首先,将二维数组的第一行(列)赋值到新的一维数组中,在一维的数组中求得子数组的最大值,

然后,将二维数组的第二行(列)加到一维数组中,再次求得子数组的最大值,并和第一步求得的最大值进行比较,若新的值比较大,留下最大值,如果新值比较小,退出这一个循环,从第二行(列)开始第一步,这样就可以求出最大和子数组;

2、源代码

#include<iostream>

#include<ctime>

using namespace std;

 

int main()

{

         int m, n;                      //数组大小

         int i, j, p, q, o;                //循环变量

         int a[100][100];               //数组

         int sh, x;                     //数值范围

 

         int sum, sum1 = -100, sum2 = -100;     //计算和

         int max = a[0][0];             //最大值

         int s[100];                    //转化成的一位数组

         int k = 0;                     //控制行数的变量

 

         cout << "请输入矩阵的行列数(上限100):";

         cin >> m >> n;

         cout << "请输入数值范围(a-b):" << endl;

         cin >> sh >> x;

 

         cout << "原矩阵为:" << endl;

         srand((unsigned)time(NULL));

         for (i = 0; i<m; i++)

         {

                   for (j = 0; j<n; j++)

                   {

                            a[i][j] = rand() % (x - sh + 1) + sh;

                            cout << a[i][j] << "  ";

                   }

                   cout << endl;

         }

        

         for (j = 0; j<n; j++)

         {

                   s[j] = 0;

         }

         for (i = 0; i<m; i++)

         {

                   while (k + i<m)

                   {

                            for (j = 0; j<n; j++)
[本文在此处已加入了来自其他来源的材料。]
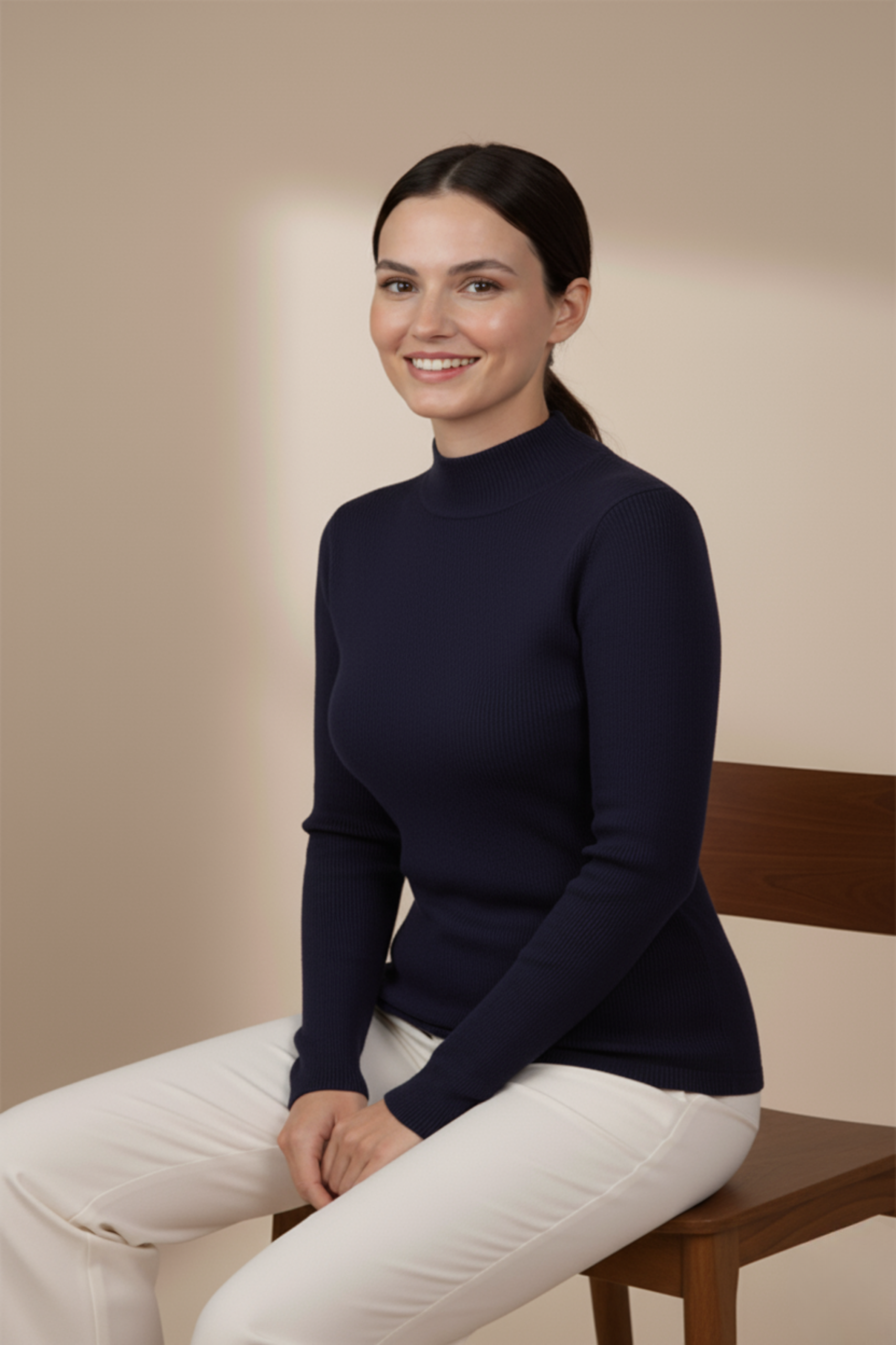 Kadın Lacivert Balıkçı Yaka Bluz, zarafeti ve sade şıklığı bir araya getiren sofistike bir parça! Balıkçı yaka detayı, boyun kısmında modern ve zarif bir duruş sunarken, lacivert rengin asaleti her ortama kolayca uyum sağlar. Yumuşak ve esnek kumaşıyla gün boyu rahat bir kullanım sunan bu bluz, hem ofis stilinde hem de günlük kombinlerde şıklığınızı ön plana çıkarır. Minimalist ama etkileyici tarzıyla her dolabın vazgeçilmezi!

                            {

                                     s[j] = s[j] + a[k + i][j];

                            }

 

                            for (p = 0; p < n; p++)

                            {

                                     for (q = 0; q <= p; q++)

                                     {

                                               sum = s[0];

                                               for (o = q+1; o <= p; o++)

                                                        sum = sum + s[o];

 

                                              if (sum > sum1)

                                               {

                                                        sum1 = sum;

                                               }

                                     }

                                     if (sum1 > sum2)

                                     {

                                               sum2 = sum1;

                                     }

                            }

                            if (sum2 > max)

                            {

                                     max = sum2;

                            }

 

                            k++;

                   }

                   k = 0;

                   for (j = 0; j<n; j++)

                   {

                            s[j] = 0;

                   }

         }

 

         cout << "和最大子矩阵值为" << max << endl;

 

         return 0;

}

3、程序截图:

4、总结:

将复杂的问题转换为比较简单的问题,编写程序时先把整个过程想明白,明白每一步怎样进行,然后将自然语言翻译成程序语言,我认为这是一个比较好的编写程序的方法。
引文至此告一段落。